--- START ---

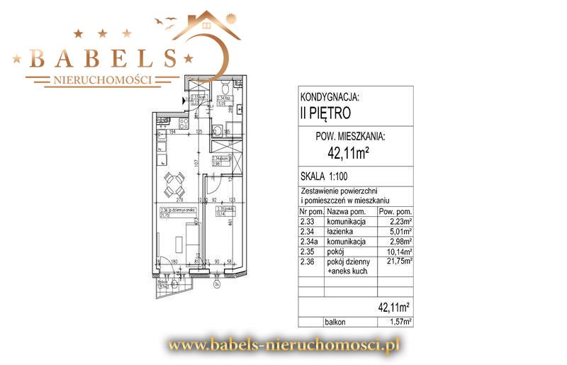 Mieszkanie w stanie deweloperskim, położone na II - piętrze w bloku z 2026r, składa się z ustawnej sypialni, salonu z aneksem kuchennym - posiadającego wyjście na balkon o pow. 1,57 m2, oraz łazienki z wc i przedpokoju. Mieszkanie rozkładowe z wejściem do każdego z pomieszczeń osobno. Mieszkanie z północno - wschodnią wystawą okienną (29K3M.A)
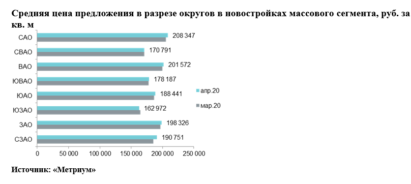 По подсчетам аналитиков «Метриум», в апреле 2020 года на рынке новостроек массового сегмента средняя цена предложения увеличилась на 0,9% и составила 187 560 руб. за кв. м. Рост цен в пределах 0,1-2,9% отмечен во всех округах, за исключением ЮЗАО, где средняя цена сократилась на 1,1%. На снижение цены в округе повлияло изменение структуры экспозиции (уменьшение объема реализации недорогого предложения).
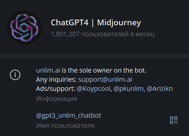 - Найди бота. В поиске Telegram вбей что-то вроде «ChatGPT» или «@gpt3_unlim_chatbot». Один из популярных — @gpt3_unlim_chatbot, но есть и другие.
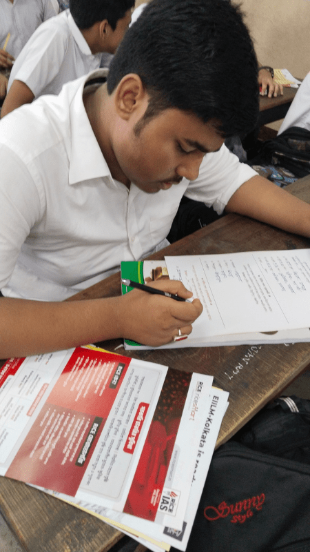 শব্দের ধাঁধার সমাধানে ব্যস্ত পড়ুয়ারা
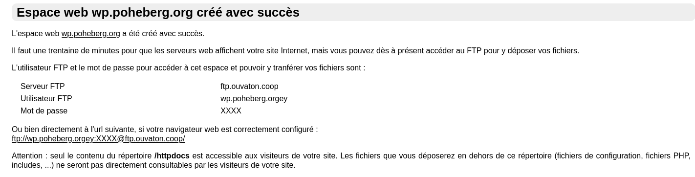 Dans Ouvadmin, à la création d'un espace web, on a toujours la notification de création avec le ftp et les XXXX pour le mot de passe ftp, mdp visible en clair si on se met sur les X.

--- END ---

_INSTRUCTIONS FOR THE TASK_:
Output the span from the line with "শব্দের ধাঁধার সমাধানে ব্যস্ত পড়ুয়ারা" through the last line of the data, inclusive and exact, and omit every picture.

_RESPONSE TO THE EXERCISE_:
 শব্দের ধাঁধার সমাধানে ব্যস্ত পড়ুয়ারা
 Dans Ouvadmin, à la création d'un espace web, on a toujours la notification de création avec le ftp et les XXXX pour le mot de passe ftp, mdp visible en clair si on se met sur les X.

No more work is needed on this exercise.